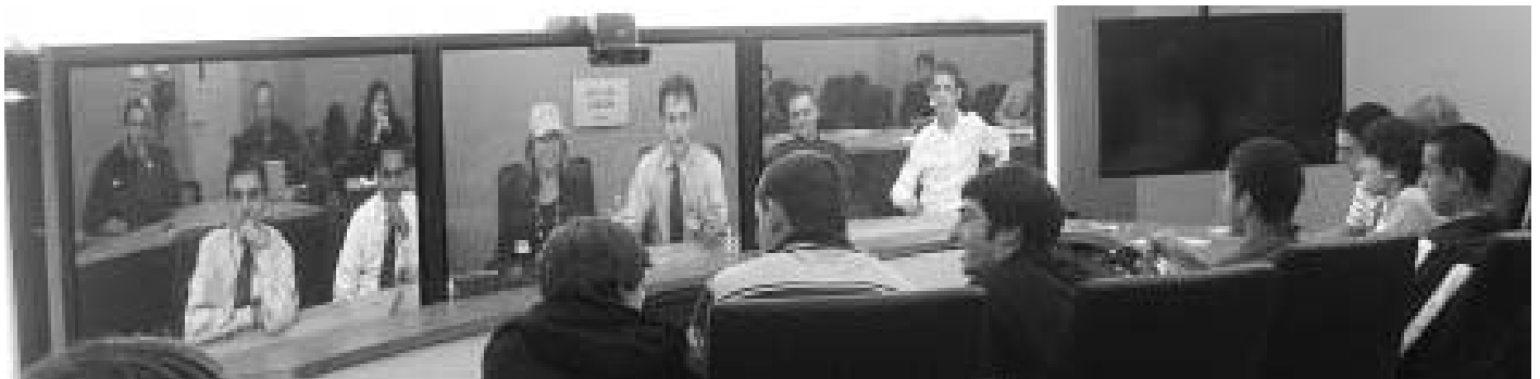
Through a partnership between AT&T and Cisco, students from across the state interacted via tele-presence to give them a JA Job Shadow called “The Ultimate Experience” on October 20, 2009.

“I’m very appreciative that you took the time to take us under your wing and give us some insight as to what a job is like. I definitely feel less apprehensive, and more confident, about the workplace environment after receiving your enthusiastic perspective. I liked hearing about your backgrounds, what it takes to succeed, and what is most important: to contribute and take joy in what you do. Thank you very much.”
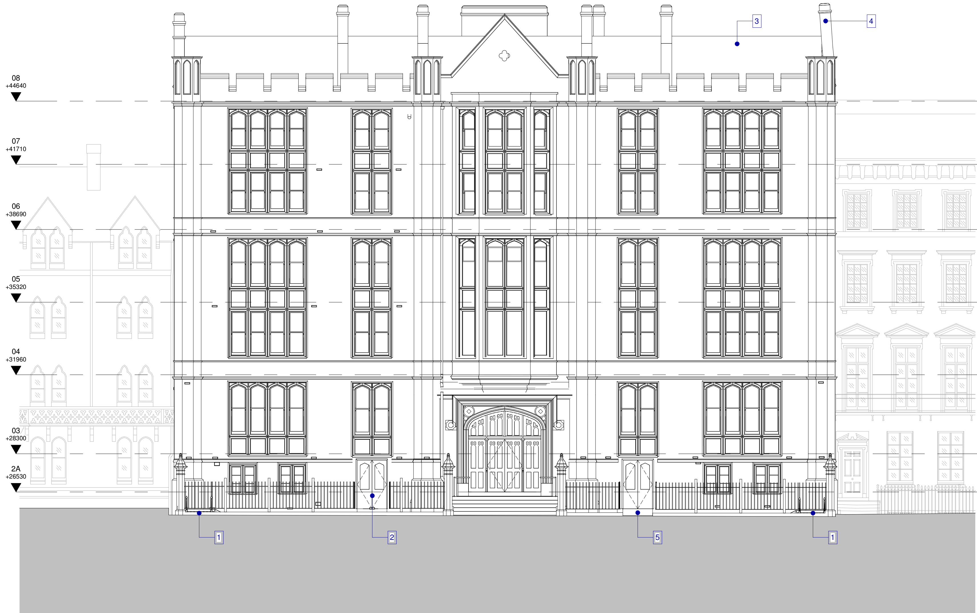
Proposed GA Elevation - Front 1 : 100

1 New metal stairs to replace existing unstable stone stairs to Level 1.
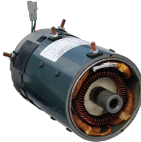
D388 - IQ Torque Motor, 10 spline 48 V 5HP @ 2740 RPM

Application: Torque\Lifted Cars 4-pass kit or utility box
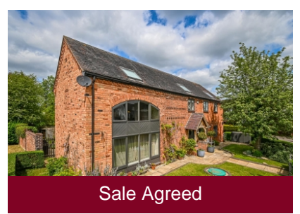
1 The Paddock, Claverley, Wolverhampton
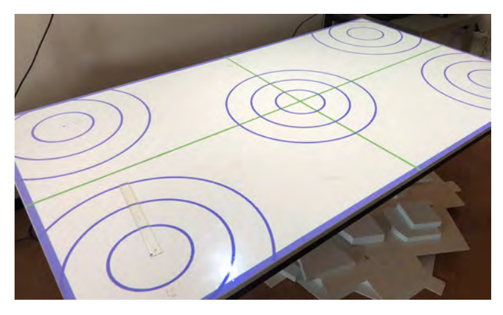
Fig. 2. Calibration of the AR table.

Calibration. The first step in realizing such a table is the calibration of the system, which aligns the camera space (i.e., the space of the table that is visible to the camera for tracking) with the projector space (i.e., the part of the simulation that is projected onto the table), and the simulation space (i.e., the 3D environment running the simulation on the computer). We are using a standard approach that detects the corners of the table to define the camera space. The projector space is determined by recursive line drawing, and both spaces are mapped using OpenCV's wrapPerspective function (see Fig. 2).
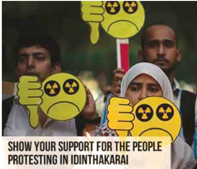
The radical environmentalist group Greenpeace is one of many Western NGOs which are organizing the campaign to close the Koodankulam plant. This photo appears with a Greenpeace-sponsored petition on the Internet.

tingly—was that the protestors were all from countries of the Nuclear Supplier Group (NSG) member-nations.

:::

● **Exercise objective**: If a line above holds the string "Torque", return it as it stands.

● **The answer**:
D388 - IQ Torque Motor, 10 spline 48 V 5HP @ 2740 RPM
Application: Torque\Lifted Cars 4-pass kit or utility box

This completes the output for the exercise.